Managed hosts that bundle staging and automated backups make most of this automatic, which is why they're worth it for a site you can't afford to have down. The tooling matters less than the habit, though — staging plus a tested backup is the whole game.

08When the real fix is replacing an abandoned theme

Sometimes the honest answer is that the theme is the problem and no patch changes that. If a theme breaks on every major WordPress release, hasn't been updated by its author in a year or more, and its support forum is a graveyard of unanswered posts, you're not maintaining a theme — you're maintaining a liability.

Each patch you apply to an abandoned theme is rework you'll do again next quarter, and the security risk compounds the longer it goes unmaintained. At some point the time you spend nursing it past every update costs more than a clean switch would.

The durable fix is migrating to a maintained, block-friendly theme — one whose author still ships updates against current WordPress. It's more work than renaming a folder, but it's work you do once instead of forever.

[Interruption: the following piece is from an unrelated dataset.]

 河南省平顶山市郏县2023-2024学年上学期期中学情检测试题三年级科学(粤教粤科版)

Switching themes carefully, without losing your content or rankings, is its own subject, and worth doing on staging with a backup in hand.

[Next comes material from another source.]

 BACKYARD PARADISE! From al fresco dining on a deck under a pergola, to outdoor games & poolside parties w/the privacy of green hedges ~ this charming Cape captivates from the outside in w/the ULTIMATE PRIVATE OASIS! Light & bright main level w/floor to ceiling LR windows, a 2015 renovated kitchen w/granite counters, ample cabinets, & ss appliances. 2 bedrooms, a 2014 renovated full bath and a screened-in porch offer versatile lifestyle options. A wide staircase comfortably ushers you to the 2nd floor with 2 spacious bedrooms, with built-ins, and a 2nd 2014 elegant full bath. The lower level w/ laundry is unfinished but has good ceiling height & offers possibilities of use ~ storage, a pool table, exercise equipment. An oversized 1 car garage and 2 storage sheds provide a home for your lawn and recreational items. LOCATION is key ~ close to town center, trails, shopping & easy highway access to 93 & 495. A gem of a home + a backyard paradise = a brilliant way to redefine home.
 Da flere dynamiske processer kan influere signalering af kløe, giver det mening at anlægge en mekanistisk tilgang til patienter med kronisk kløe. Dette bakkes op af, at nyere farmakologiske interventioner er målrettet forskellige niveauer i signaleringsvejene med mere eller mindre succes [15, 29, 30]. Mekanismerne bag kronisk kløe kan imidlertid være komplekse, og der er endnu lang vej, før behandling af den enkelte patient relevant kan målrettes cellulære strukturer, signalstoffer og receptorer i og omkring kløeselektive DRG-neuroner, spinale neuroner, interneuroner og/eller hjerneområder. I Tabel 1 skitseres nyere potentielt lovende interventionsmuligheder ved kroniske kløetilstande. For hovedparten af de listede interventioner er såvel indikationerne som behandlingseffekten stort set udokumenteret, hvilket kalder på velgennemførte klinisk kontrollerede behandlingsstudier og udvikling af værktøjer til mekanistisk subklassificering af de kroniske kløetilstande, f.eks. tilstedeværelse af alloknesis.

If you keep meeting the same theme at the bottom of every update, treat that as the signal it is. The fix isn't another patch — it's a theme that won't need one every time WordPress moves.

09FAQ

Can I roll back a WordPress update to un-break my theme?

You can restore from a backup taken before the update, which effectively rolls everything back. Rolling back core itself is possible with a plugin like WP Downgrade, but it's a stopgap — staying on an old WordPress version to keep an old theme alive just delays the same break. Fixing or replacing the theme is the real answer.

How do I know if it's the theme or a plugin?

Deactivate all plugins; if the site recovers, a plugin is involved, and you reactivate one at a time to find it. Then switch to a default theme; if that fixes it, the theme is at fault. Running both tests tells you which side broke before you spend time on either.

I'm locked out of wp-admin. What now?

Use FTP or your host's file manager. Rename the active theme's folder in wp-content/themes/ to force WordPress onto a default theme, and rename wp-content/plugins to force every plugin off. One or both usually restores admin access so you can finish the fix from inside.

Will updating my theme delete my customizations?

It will if you edited the parent theme's files directly — that's why those edits should live in a child theme or the Customizer's Additional CSS, both of which survive updates. Customizations stored that way are safe across a theme update; hand edits to parent files are not.

How often do WordPress updates actually break themes?

For a well-built, actively maintained theme, rarely — most updates pass without a hitch. Breaks cluster around major core releases, big PHP version jumps, and themes that haven't been updated in a long time. Keeping your theme and PHP current is what keeps updates uneventful.

One honest caveat: this is a general how-to, not financial, business, or professional advice. Every site is different, so test changes on a staging copy with a working backup before you trust them in production.